これが「美声」で歌われたとしたら、そこに込められた幸福感や哀惜は、リスナーに強く伝わりはしなかったのではないだろうか。ある意味では淡々とした歌詞が、熱を帯びているのは、それが忌野氏から放たれたからなのではと考える。

「幸福感と哀惜」という表現を使ったけど、こんなセンテンスも本曲には含まれている。

<<悪い予感のかけらもないさ>>

本当にそうなのだろうか。この部分を歌う忌野氏は、決して穏やかな声は出さない。あるいは氏は(楽曲の主人公は)とてつもない安堵に包まれており、それを力強く歌おうとしたのかもしれない。ただ僕は、彼が何らかの不安や<<悪い予感>>をいだいていて、それを乗り越えるべく、<<あの娘>>との幸福な行く末を願うべく、声をしぼったのではないかと感じてしまうのだ。

「スローバラード」の歌詞には<<カーラジオ>>という言葉が入っているけど「トランジスタ・ラジオ」という題のついた楽曲もある。恐らくは忌野氏にとって、ラジオというものは生活に不可欠なものなのだったのではないか。中学校3年生まで、CDデッキというものを持たなかった僕にとっても、ラジオというのは思い出深い、様々な感懐をもたらしてくれたものである。

「トランジスタ・ラジオ」の詞は繊細なものであり、それが忌野氏の声で届けられることに、やはり僕は尊さを感じる。

<<寝ころんでたのさ 屋上で>>
<<彼女 教科書 ひろげてるとき>>

こんなことを暴露してしまうのはどうかと思うけど、僕もまた楽曲の主人公のように、授業を抜け出して(教室の外で)時を過ごしたことはある。高校時代のことだ。もっとも僕は<<屋上で>>ラジオを聴いたわけではなく、公園に行って小説を読んでいだ。自分は良くないことをしているよなという情けなさと、ほかの生徒とは違うことをしているんだという誇らしさのようなものが、ないまぜになった心境だった。そんな複雑な気持ちが、忌野氏の声からも感じ取れるような気がする。

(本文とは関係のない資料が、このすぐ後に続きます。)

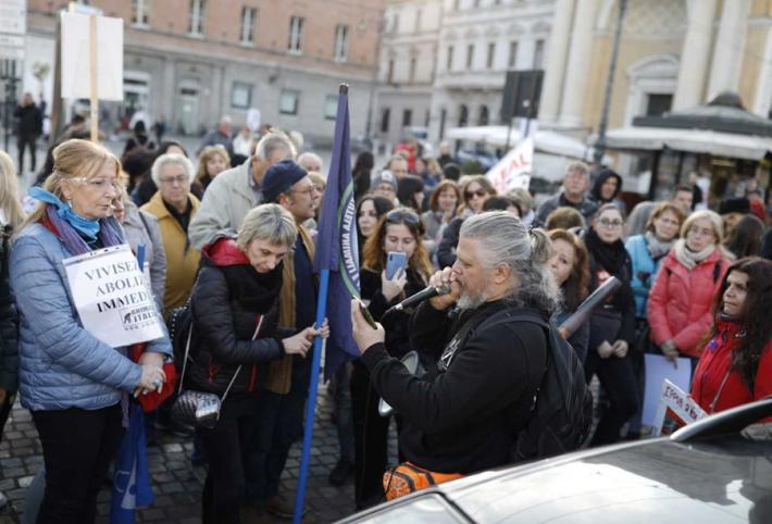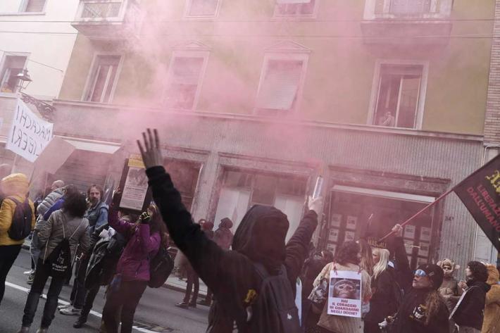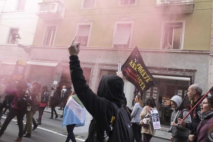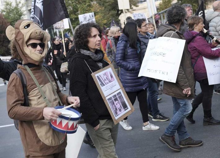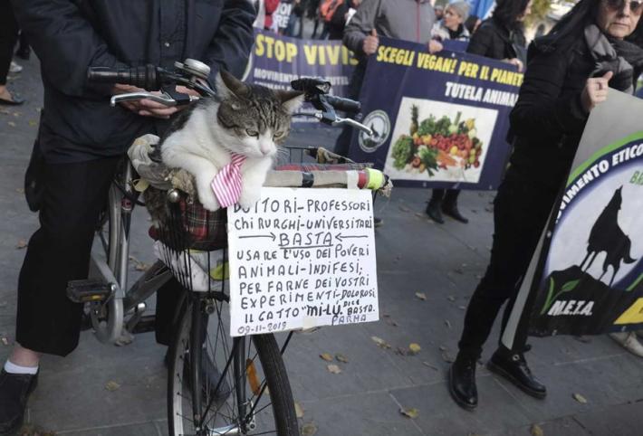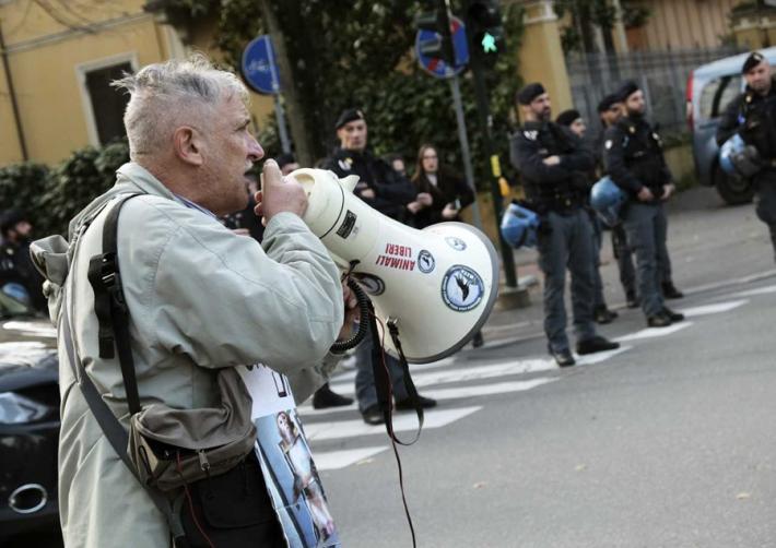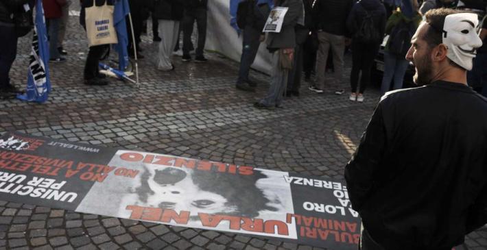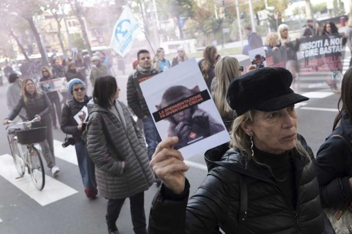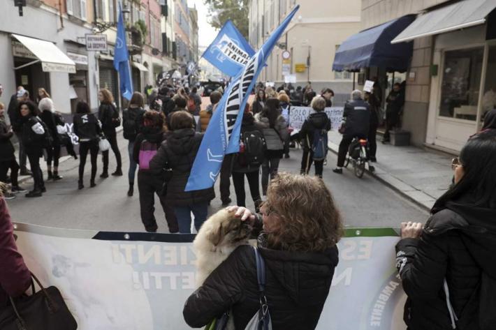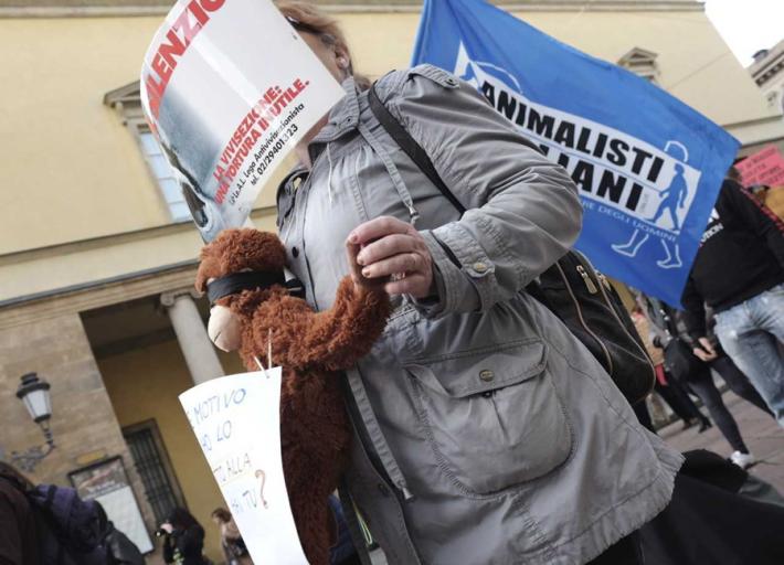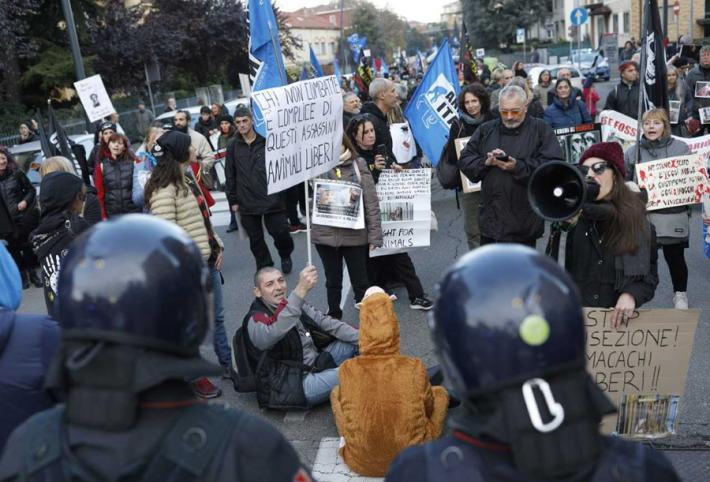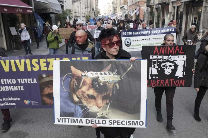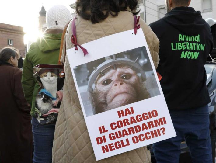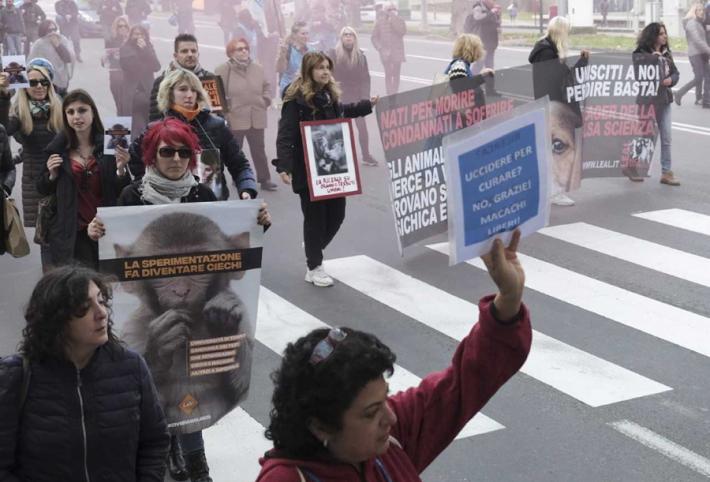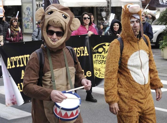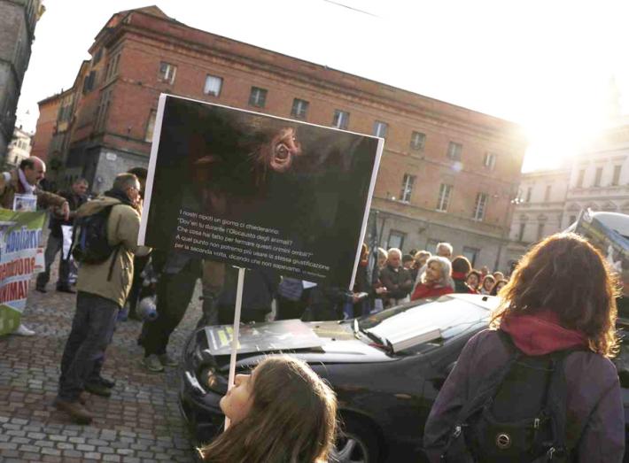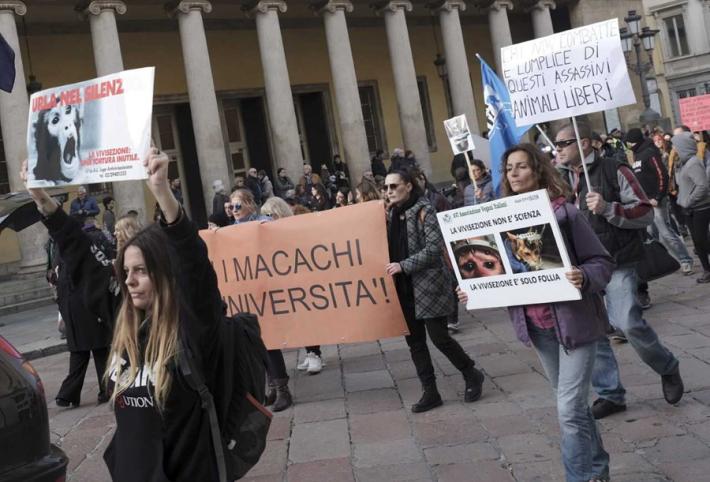Corteo a Parma per chiedere di revocare l'autorizzazione alla sperimentazione sui macachi "Macachi Liberi" che ha attraversato il centro cittadino.
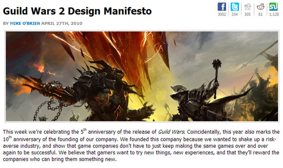 현지 시간으로 27일, 엔씨소프트의 시애틀 소재 스튜디오인 아레나넷의 총괄 마이크 오브라이언(Mike O’Brien)이 ’길드워2’의 디자인 측면에서의 방향성 3 가지를 제시했다. 그는 훌륭한 RPG(역할수행게임)에서 느낄 수 있는 스토리, 자연스럽게 소셜 게임을 즐길 수 있는 협력 시스템, 그리고 게이머의 취향에 맞춰 커스터마이징이 가능한 전투 시스템을 강조하며 차별화된 MMORPG(다중접속역할수행게임)의 방향성을 밝혔다.
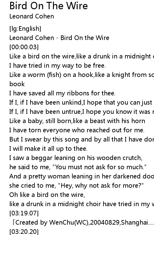 | [00:00.00] | Leonard Cohen Bird On the Wire |
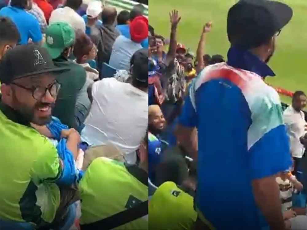 सोशल मीडिया पर वायरल वीडियो में देखने को मिल रहा है कि एक पाकिस्तानी फैन IND vs PAK मैच के दौरान भारत की नीली जर्सी पहन रहा है। वीडियो बनाता हुआ शख्स कहता नजर आ रहा है, ‘टीम चेंज करता हुआ बंदा…पाकिस्तान का बंदा पहन रहा है इंडिया की जर्सी।’ इसके बाद वहां मौजूद सभी भारतीय फैंस उसका सपोर्ट करते नजर आए और पाकिस्तानी फैन ने भारत की जर्सी पहन भी ली।
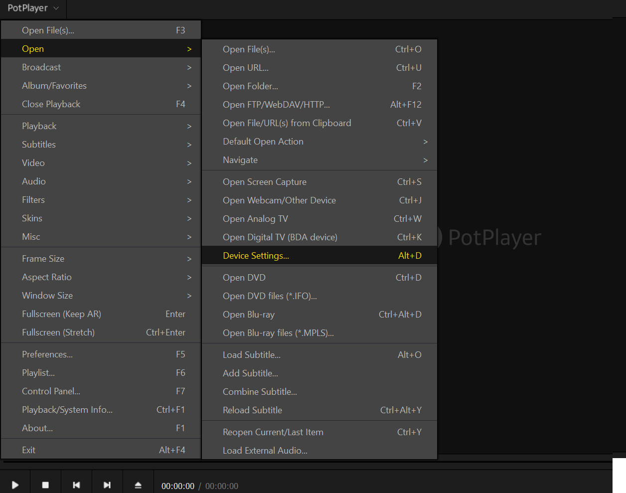 Upon the completion of the software installation, open Potplayer, and go to PotPlayer -> Open -> Device Settings

主人公が<<彼女>>と呼ぶ相手は、文字通りの彼女、つまり恋人なのだろうか。それとも片思いの相手なのだろうか。それを明記はしないところが、この曲の良さであるようにも感じられる。忌野氏は何度も繰り返す。

<<君の知らない メロディー>>

それを<<彼女>>に教えたいと願っているのだろうか。それとも、それを教えられるような関係(距離)にはないことを憂いているのだろうか。いずれにしても僕は、楽曲の主人公を応援したくなる。その姿は、かつての自分を思い出させてくれる。その境遇や心情が、まったく同じものではないのだとしても。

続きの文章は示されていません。